Problem to solve: Skip the pictures and write out, word for word, the lines below from the one with "Zweigeschossiges verputztes Wohnhaus, Obergeschoss" through the one with "I use Bootstrap", inclusive.

Exercise inputs:

┌──

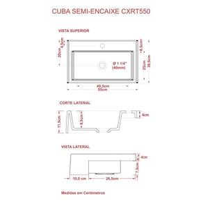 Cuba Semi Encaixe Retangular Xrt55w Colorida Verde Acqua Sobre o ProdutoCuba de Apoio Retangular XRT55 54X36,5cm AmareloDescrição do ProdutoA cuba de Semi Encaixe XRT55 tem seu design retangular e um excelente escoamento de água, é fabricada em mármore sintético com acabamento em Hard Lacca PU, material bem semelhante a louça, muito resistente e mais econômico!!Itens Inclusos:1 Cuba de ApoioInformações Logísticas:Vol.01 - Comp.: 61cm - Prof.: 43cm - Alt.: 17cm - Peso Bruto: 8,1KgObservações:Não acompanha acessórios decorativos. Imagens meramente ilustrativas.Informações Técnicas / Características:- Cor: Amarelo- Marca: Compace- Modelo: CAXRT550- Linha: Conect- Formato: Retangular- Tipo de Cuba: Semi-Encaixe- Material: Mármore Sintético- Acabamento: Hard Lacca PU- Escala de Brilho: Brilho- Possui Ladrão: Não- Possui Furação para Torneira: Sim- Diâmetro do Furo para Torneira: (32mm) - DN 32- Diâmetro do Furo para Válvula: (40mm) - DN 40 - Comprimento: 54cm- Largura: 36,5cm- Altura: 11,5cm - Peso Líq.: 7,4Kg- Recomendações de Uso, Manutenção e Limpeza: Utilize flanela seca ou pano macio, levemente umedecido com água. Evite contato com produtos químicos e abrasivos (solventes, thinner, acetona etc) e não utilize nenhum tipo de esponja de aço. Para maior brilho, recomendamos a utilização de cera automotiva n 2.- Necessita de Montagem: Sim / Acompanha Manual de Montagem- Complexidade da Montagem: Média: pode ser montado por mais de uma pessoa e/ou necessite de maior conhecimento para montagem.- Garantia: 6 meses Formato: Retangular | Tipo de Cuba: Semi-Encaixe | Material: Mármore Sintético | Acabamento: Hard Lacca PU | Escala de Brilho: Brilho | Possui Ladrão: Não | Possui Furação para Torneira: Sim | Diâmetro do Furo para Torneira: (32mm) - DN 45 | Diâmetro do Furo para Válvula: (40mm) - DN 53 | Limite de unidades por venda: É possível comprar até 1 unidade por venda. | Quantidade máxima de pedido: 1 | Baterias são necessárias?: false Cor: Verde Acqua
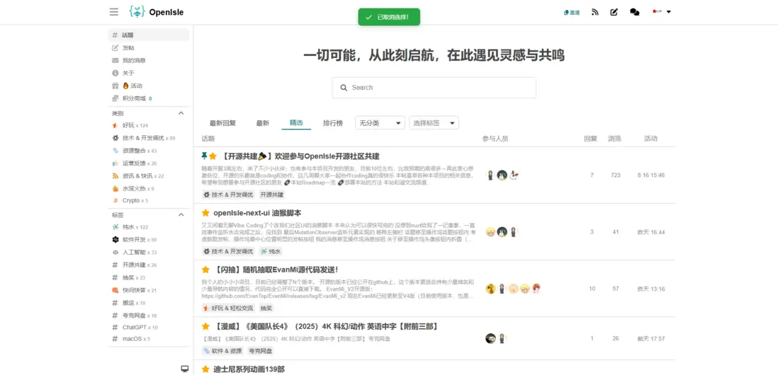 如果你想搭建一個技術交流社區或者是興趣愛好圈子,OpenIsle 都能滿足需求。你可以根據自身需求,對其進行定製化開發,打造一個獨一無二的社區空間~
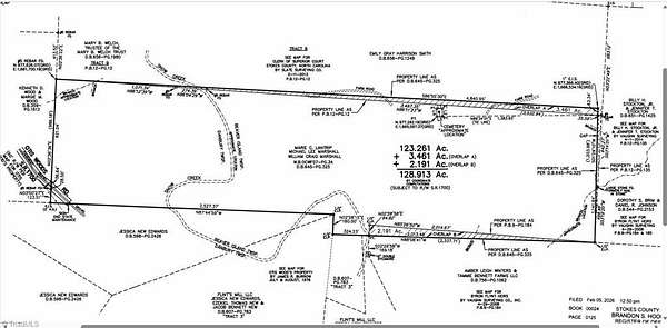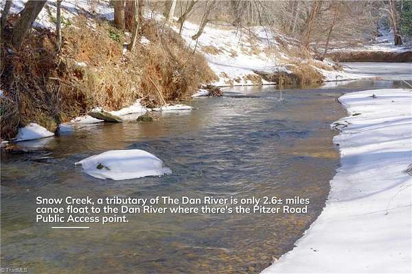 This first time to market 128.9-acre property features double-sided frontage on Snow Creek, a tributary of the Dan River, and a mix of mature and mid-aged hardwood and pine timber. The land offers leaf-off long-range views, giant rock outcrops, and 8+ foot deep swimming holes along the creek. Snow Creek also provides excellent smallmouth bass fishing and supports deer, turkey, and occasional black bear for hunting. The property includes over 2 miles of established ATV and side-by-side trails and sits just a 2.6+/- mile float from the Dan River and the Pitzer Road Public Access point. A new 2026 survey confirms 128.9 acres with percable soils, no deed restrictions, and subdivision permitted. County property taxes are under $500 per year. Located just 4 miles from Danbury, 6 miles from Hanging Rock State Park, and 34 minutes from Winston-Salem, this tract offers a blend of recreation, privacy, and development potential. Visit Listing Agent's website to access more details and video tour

└──
┌──

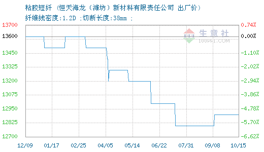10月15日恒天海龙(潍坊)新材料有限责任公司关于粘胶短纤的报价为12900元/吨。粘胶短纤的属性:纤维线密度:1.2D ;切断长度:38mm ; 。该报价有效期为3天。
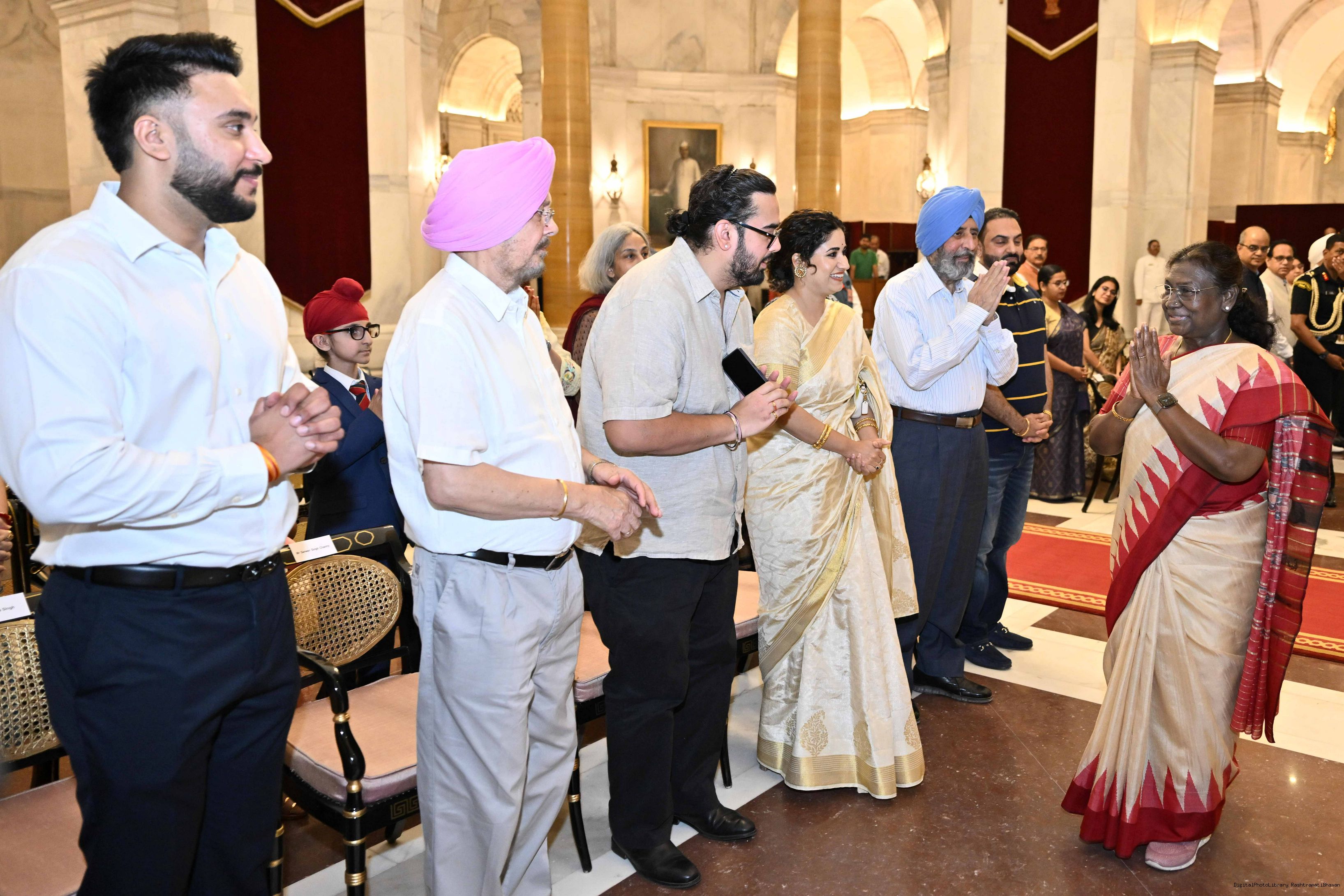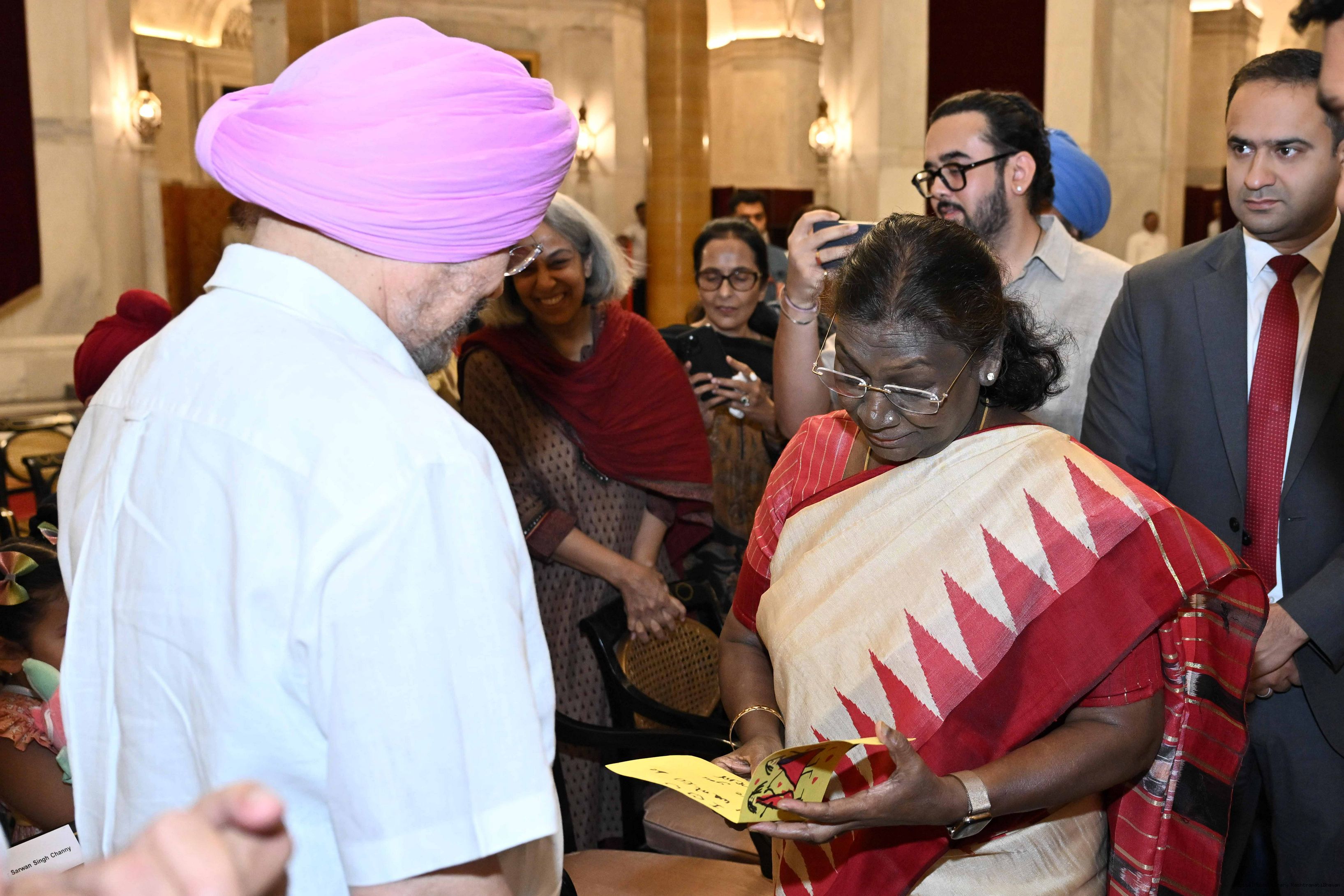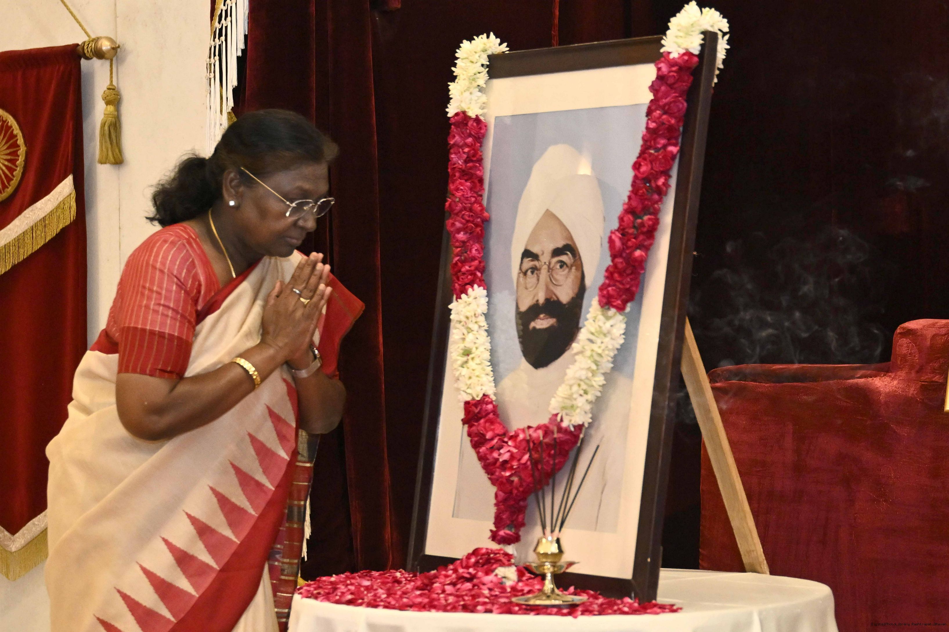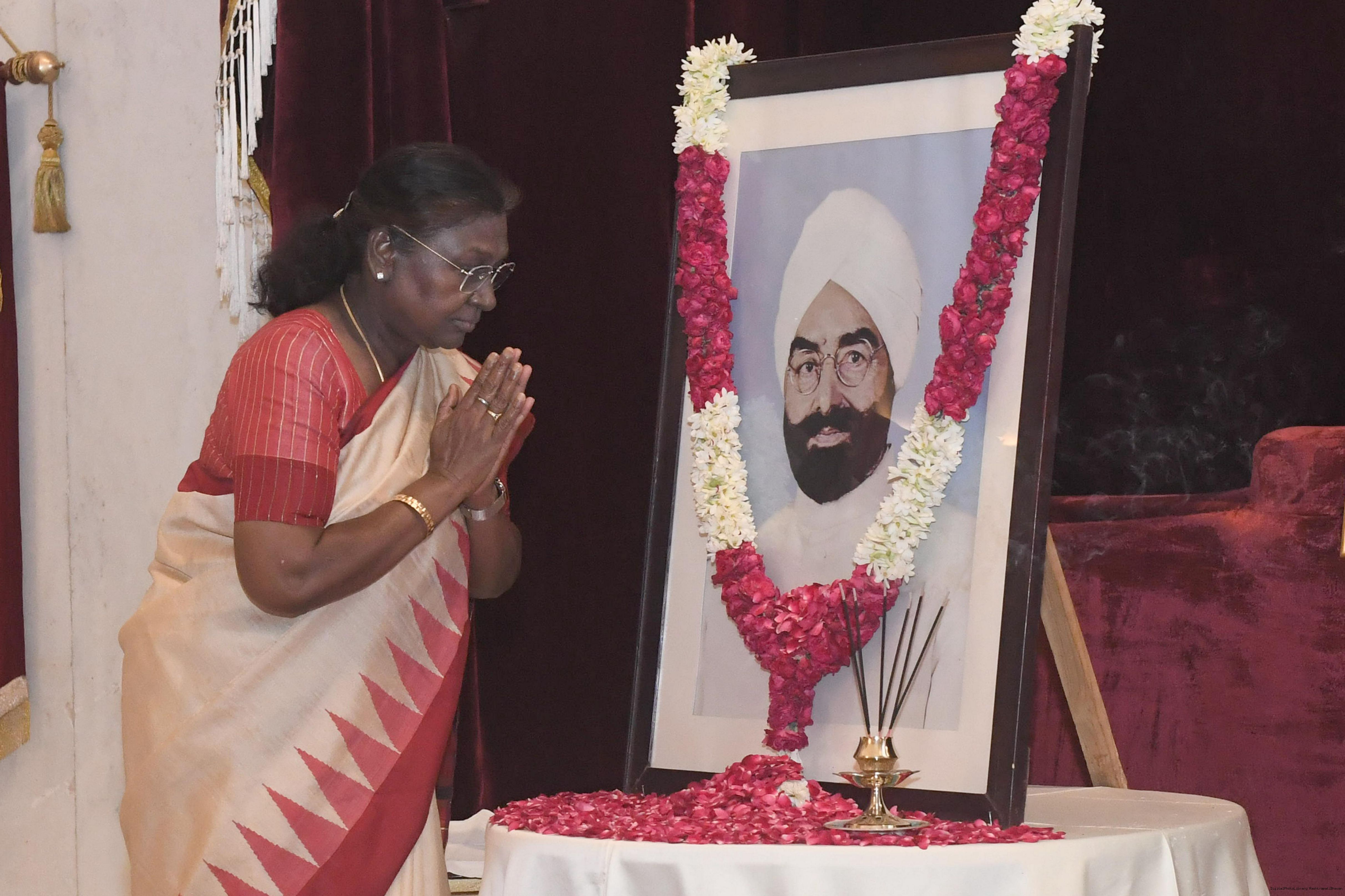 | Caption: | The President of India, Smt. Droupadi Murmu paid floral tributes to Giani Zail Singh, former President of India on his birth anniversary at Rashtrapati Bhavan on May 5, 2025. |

└──
┌──

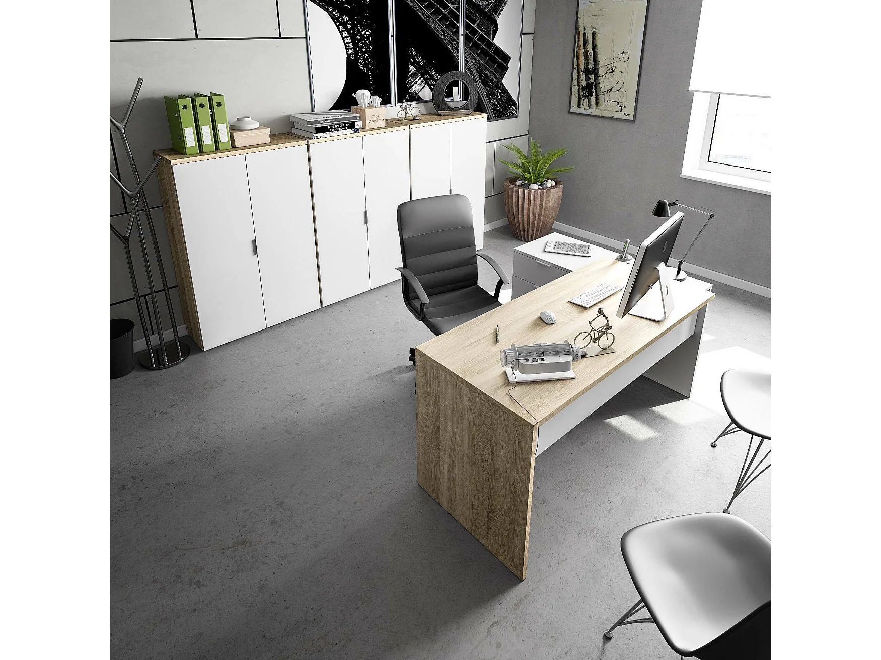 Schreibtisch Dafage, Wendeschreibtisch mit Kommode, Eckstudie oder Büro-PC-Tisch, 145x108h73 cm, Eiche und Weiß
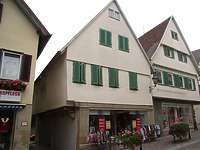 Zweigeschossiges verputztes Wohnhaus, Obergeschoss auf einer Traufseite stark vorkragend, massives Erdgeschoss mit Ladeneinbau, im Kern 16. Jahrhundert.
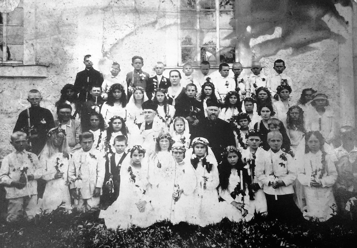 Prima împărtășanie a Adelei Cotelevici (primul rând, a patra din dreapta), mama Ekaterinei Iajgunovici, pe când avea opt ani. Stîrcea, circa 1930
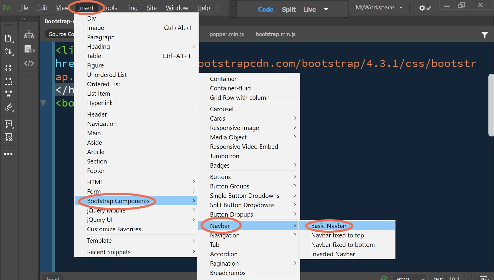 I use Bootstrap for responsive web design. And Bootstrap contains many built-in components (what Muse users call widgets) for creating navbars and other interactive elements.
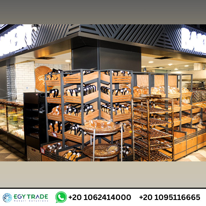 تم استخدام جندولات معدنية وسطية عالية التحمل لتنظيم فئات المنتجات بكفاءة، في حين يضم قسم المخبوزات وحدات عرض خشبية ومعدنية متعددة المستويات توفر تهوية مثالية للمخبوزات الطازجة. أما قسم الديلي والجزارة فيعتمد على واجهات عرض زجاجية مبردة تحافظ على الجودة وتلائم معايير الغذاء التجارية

└──

Exercise solution:
 Zweigeschossiges verputztes Wohnhaus, Obergeschoss auf einer Traufseite stark vorkragend, massives Erdgeschoss mit Ladeneinbau, im Kern 16. Jahrhundert.
 Prima împărtășanie a Adelei Cotelevici (primul rând, a patra din dreapta), mama Ekaterinei Iajgunovici, pe când avea opt ani. Stîrcea, circa 1930
 I use Bootstrap for responsive web design. And Bootstrap contains many built-in components (what Muse users call widgets) for creating navbars and other interactive elements.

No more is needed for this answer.